Tal y como expresara uno de sus principales impulsores, René Cassin (1951:278 y ss.),
cuatro columnas de igual importancia sostienen el pórtico de la Declaración Universal:
la primera columna está formada por los derechos y libertades de orden personal (art. 3
a 11); la segunda, por los derechos del individuo en relación con los grupos de los que
forma parte (art. 12 a 17); la tercera viene constituida por los derechos políticos (art. 18
a 21), mientras que la última se refiere a los derechos económicos, sociales y culturales
(art. 22 a 27). Sobre estas cuatro columnas se sitúa un frontispicio, los artículos 28 a 30,
que señalan los vínculos entre el individuo y la sociedad de la que forma parte.

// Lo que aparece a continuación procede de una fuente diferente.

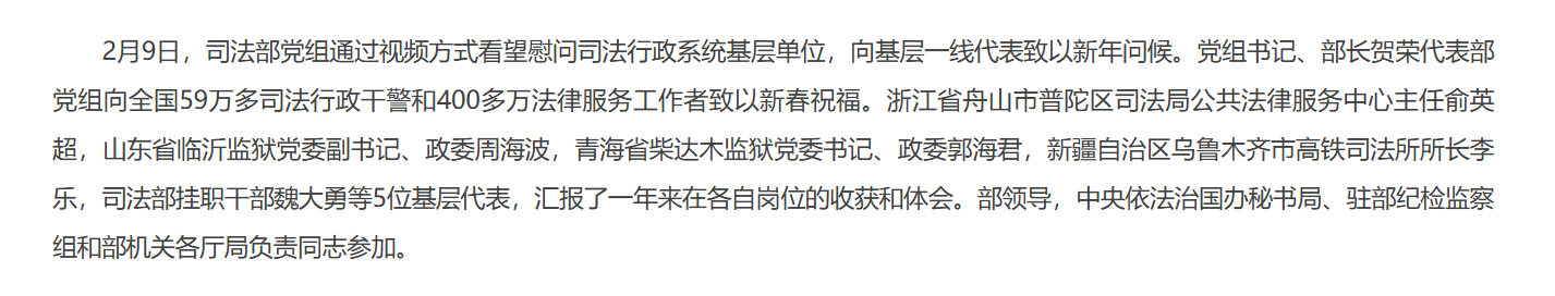 司法部党组春节前夕视频慰问司法行政

Una disposición fundamental de la Declaración es el artículo 28, que establece que
“toda persona tiene derecho a que se establezca un orden social e internacional en el que
los derechos y libertades proclamados en esta Declaración se hagan plenamente
efectivos”. Es decir, los derechos humanos van a depender en muchas ocasiones del
orden social que prevalezca en un determinado Estado así como de la estructuración del
orden internacional. Para muchos, este artículo 28 es el germen de lo que en los años 70
se denominó el Enfoque Estructural de los Derechos Humanos. Este Enfoque
Estructural ponía el acento en la importancia que tiene tanto la estructura interna como
la estructura internacional para el adecuado disfrute de los derechos humanos. Muchas
veces son las estructuras políticas, sociales, económicas, culturales, etc., tanto
nacionales como internacionales, las que se esconden detrás de gravísimas violaciones
de los derechos humanos. En última instancia, el artículo 28 pretende subrayar, en
opinión de Cassese (1991:49), que los derechos humanos reconocidos en la Declaración
Universal “sólo podrán llevarse a la práctica si se instaura una estructura social que
permita el desarrollo de los países y si el contexto internacional general facilita el
despegue económico de los países pobres o una mayor redistribución de la riqueza en
los países desarrollados”. El pleno disfrute de los derechos humanos es inviable para
quienes sufren el subdesarrollo y la miseria.
Este derecho a un determinado orden social e internacional ha sido criticado por muchos
autores, que lo han calificado como una disposición utópica. Otros, sin embargo,
subrayan el valor teórico y práctico que una referencia supuestamente utópica como ésa
puede tener para la evolución socioeconómica, política y jurídica de la humanidad
(Gros, 1988:349-350). Prueba de ello es que dicho artículo 28 está en el origen de los
derechos humanos de la tercera generación. En concreto, el derecho al desarrollo hunde
sus raíces en este enfoque estructural de los derechos humanos (Gómez Isa, 1999).
Como podemos comprobar, la Declaración Universal de Derechos Humanos supuso en
su época un auténtico revulsivo para la protección internacional de los derechos
humanos, siendo un hito histórico en el camino hacia el reconocimiento de la libertad y
dignidad de las personas. Sobre ella se ha construido todo el armazón de los derechos
humanos, si bien siguen sin haberse desarrollado todas las potencialidades de su texto.